AW: When there is no good existing test, establishing whether a new test should replace the old is not simple. Unfortunately, diagnosing latent TB is not the only clinical situation where this conundrum arises. In our review, we assessed how well the test results of ELISA and ELISPOT based IGRAs correlated with individual risk factors for latent tuberculosis. In effect, we are relating the results of these tests with other relevant clinical criteria. The advantage of this method is that we are able to provide some information about the clinical usefulness of a test, and how it compares to other tests. The disadvantage of this method is that we cannot calculate the conventional estimates of diagnostic accuracy, i.e., sensitivity, specificity, or positive and negative predictive values. Of course, we were also limited by the studies that had been done, but at the very least, we have exposed some gaps in knowledge that might help set a research agenda in this area.

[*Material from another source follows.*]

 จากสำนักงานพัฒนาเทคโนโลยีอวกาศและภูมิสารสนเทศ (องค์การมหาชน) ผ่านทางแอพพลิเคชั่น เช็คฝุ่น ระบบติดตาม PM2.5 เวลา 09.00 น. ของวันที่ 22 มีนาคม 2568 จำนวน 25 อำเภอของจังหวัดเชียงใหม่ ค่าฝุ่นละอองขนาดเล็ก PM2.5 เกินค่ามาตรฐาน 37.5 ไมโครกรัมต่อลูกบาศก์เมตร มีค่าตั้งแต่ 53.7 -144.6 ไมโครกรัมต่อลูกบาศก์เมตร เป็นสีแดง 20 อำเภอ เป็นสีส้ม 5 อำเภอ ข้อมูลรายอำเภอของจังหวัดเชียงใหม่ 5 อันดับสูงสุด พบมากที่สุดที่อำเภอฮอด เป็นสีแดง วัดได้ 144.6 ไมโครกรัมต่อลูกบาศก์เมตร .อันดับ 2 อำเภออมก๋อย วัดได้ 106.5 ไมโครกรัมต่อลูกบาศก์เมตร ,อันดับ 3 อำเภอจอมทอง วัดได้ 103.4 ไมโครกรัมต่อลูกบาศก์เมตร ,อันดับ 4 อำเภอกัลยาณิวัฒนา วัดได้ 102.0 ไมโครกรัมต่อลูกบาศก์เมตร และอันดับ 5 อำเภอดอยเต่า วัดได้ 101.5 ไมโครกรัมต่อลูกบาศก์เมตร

eAJKD: Could you briefly discuss the difference between the QFT and TSPOT.TB?
AW: When anti-mycobacterial T cells are challenged with tuberculosis antigen, they respond by releasing the cytokine interferon gamma. The QuantiFERON and TSPOT.TB tests work by artificially inducing this response in T cells harvested in patient blood samples. Both tests measure the interferon gamma response produced by the harvested T cells, but through two slightly different enzyme immunoassay technologies. The QuantiFERON test is an enzyme-linked immunosorbent assay (ELISA), which measures the concentration of interferon gamma in a blood sample after it has been exposed to TB antigen. The TSPOT.TB test is an enzyme-linked immunospot assay (ELISPOT), which measures the number of interferon gamma producing cells in a blood sample.

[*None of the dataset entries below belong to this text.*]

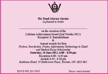 நான் இயல்விருது பெறும் நிகழ்ச்சி ஜுன் 16ம் தேதி மாலை ஆறுமணிக்கு டொரன்டோவில் நடைபெறுகிறது
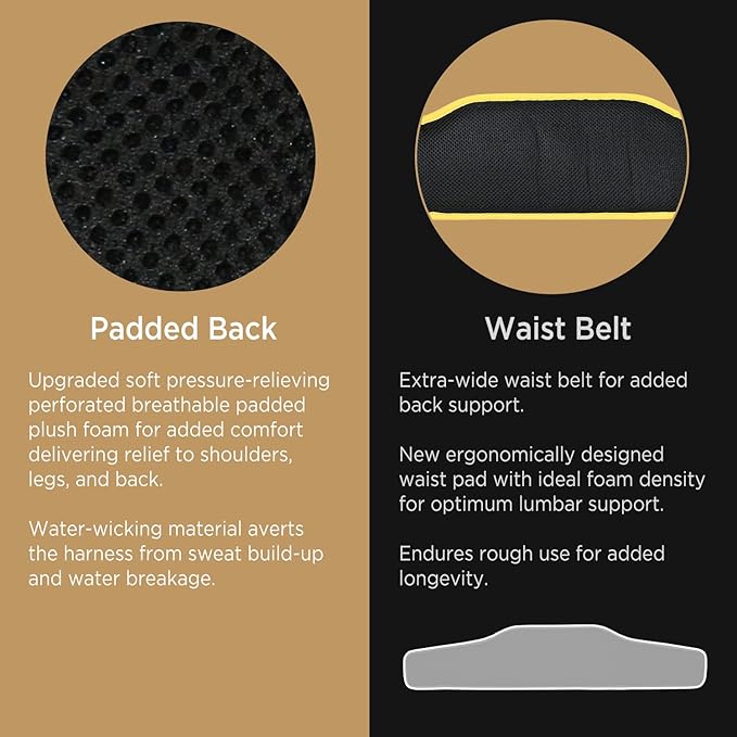 - COMFORT: Upgraded soft pressure‑relieving perforated breathable padded plush foam for added comfort delivering relief to shoulders, legs, and back. New specially formulated webbing flexes to accommodate movement and body contours for optimum comfort around legs & shoulders. Water‑wicking material averts the safety harness from sweat build-up and water breakage—essential for long days using a fall protection harness.
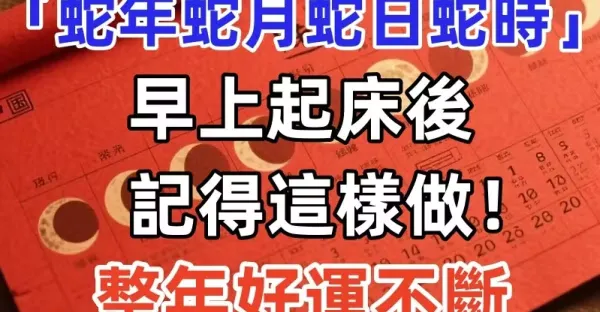 4月30日是罕見的「蛇年蛇月蛇日蛇時」早上起床後記得這樣做!整年好運不斷、財神住你家!
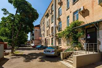 Дом сталинской архитектуры с высокими потолками, прочными звуконепроницаемыми стенами. Всего 16 квартир на весь дом, 8 квартир в подъезде. Свой закрытый двор, ворота открываются с пульта, места для парковки есть всегда как для хозяев, так и их гостей.
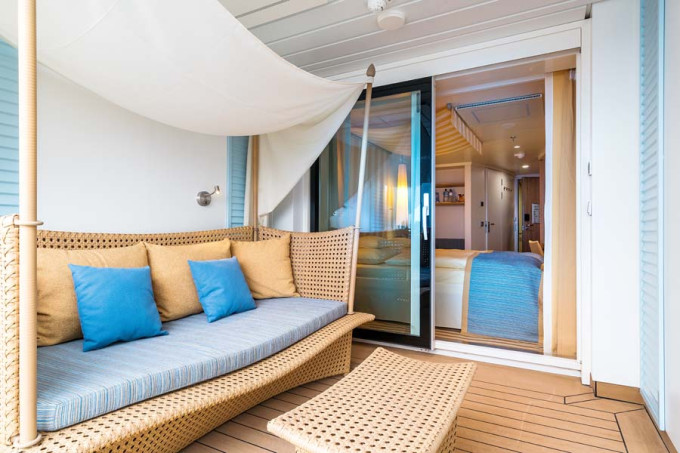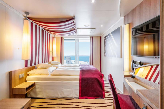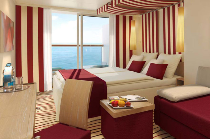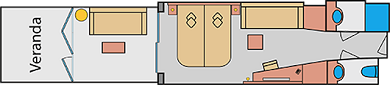 VG - Kajuta s verandou PREMIUM od 16 m² + balkón 6 m². 9. až 14. paluba. Max 4 osoby. Cenový model Premium. | 1 970 € 985 € za osobu |
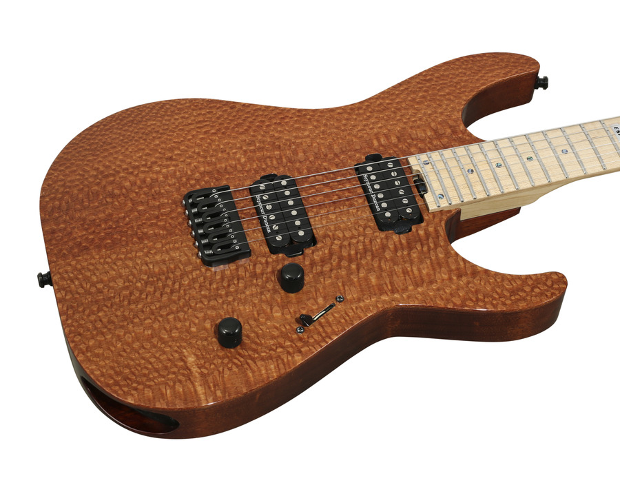 Combined with its high-end components — Floyd Rose Original bridge, Schaller straplocks and Sperzel locking tuners — the USA M-II NTB is one of the most high-performance guitars available today. It sports an alder body with a flamed maple top, bolt-on roasted maple neck, 25.5" scale and 24 extra-jumbo frets on an ebony fingerboard on a thin-U neck. It offers a mahogany body with bolt-on construction to its extra thin U-shaped three-piece maple neck with natural satin finish for the smoothest and fastest playing experience.

eAJKD: If you were to design the ideal study without the limitation of using risk factor assessment as the gold standard, what would it look like?

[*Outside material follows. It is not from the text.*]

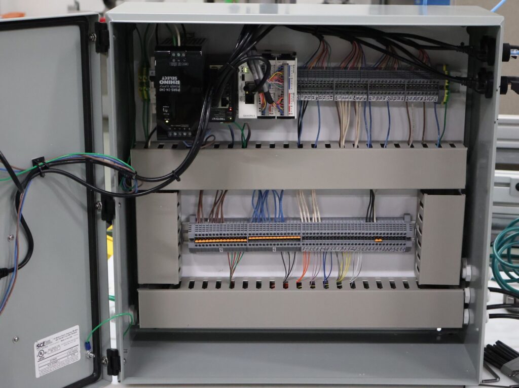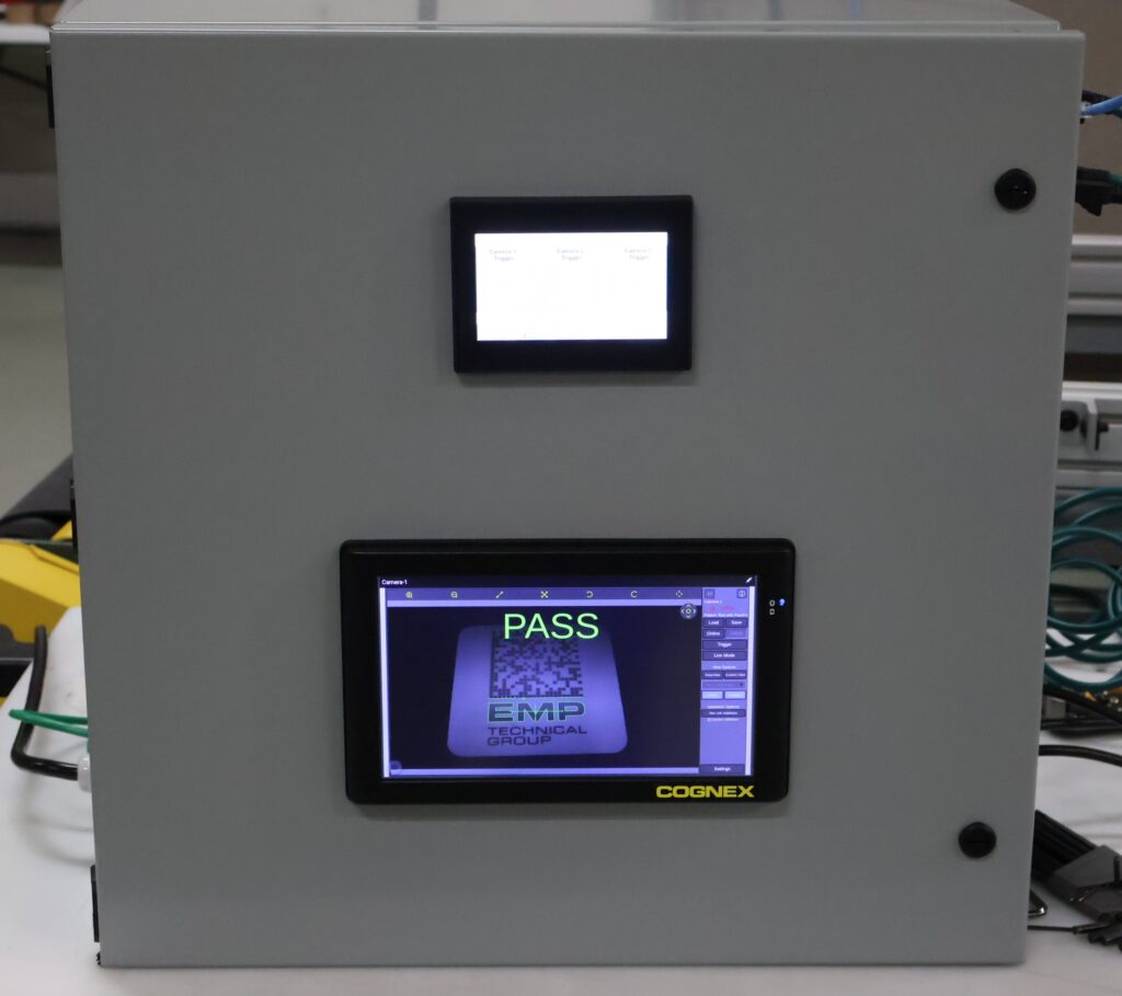 Inside the custom-built enclosure, EMP integrated a Hoffman cabinet, Cognex controller, PLC with touchscreen interface, and three Cognex In-Sight cameras, all wired, programmed, and tested by EMP engineers before installation. Operators can easily select jobs, train cameras on known-good samples, adjust timing delays, and monitor pass/fail results in real time. All the while, EMP’s discrete I/O logic enables these smart pass/fail decisions without complex backend integration. This is a prime example of why match code remains one of EMP’s most powerful custom solutions. Whether mobile or stationary, barcode-based or vision-driven, EMP’s match-code systems help manufacturers ensure the right materials are used every time — with flexible, proven technology that grows alongside their operations.

AW: To answer questions about diagnostic accuracy, the best study design would compare the performance of a new test (in this case QuantiFERON and TSPOT.TB) against a gold standard test. Estimates of test accuracy derived from these studies are clinically useful because they quantify how much confidence we can have in the test results. When there is no gold standard and such studies are not possible, one way to evaluate the usefulness of a test is to study its effects on treatment. With no limitations on money, a study of test-directed treatment would be an ideal way of assessing the clinical value of tests for latent TB. This would likely still not be feasible given the numbers of people required to detect a difference and the necessary follow-up.
In the future, a clinical algorithm that takes into account multiple test results and risk factors to derive an absolute risk of latent TB would be useful for clinicians. Perhaps this should be our next project?
eAJKD: You mention that no specific guidelines exist for TB testing in ESRD patients. What would you propose as the recommendation? Would you want both the TST and IGRA, or use a survey of risk factors (x-ray, history of clinical exposure)?
AW: From our work in patients with end-stage kidney disease, the evidence says ELISA-based IGRAs correlate much better with clinical risk factors for latent TB and BCG vaccination status than the TST. Whether this is the same for ELISPOT-based IGRAs is unclear. Although the estimates were similar to those of the ELISA-based IGRAs, the evidence was more sparse, so we are left with uncertainty. Until further evidence becomes available to the contrary, we propose that ELISA-based IGRAs should be the first line test for latent TB investigation in patients with end-stage kidney disease.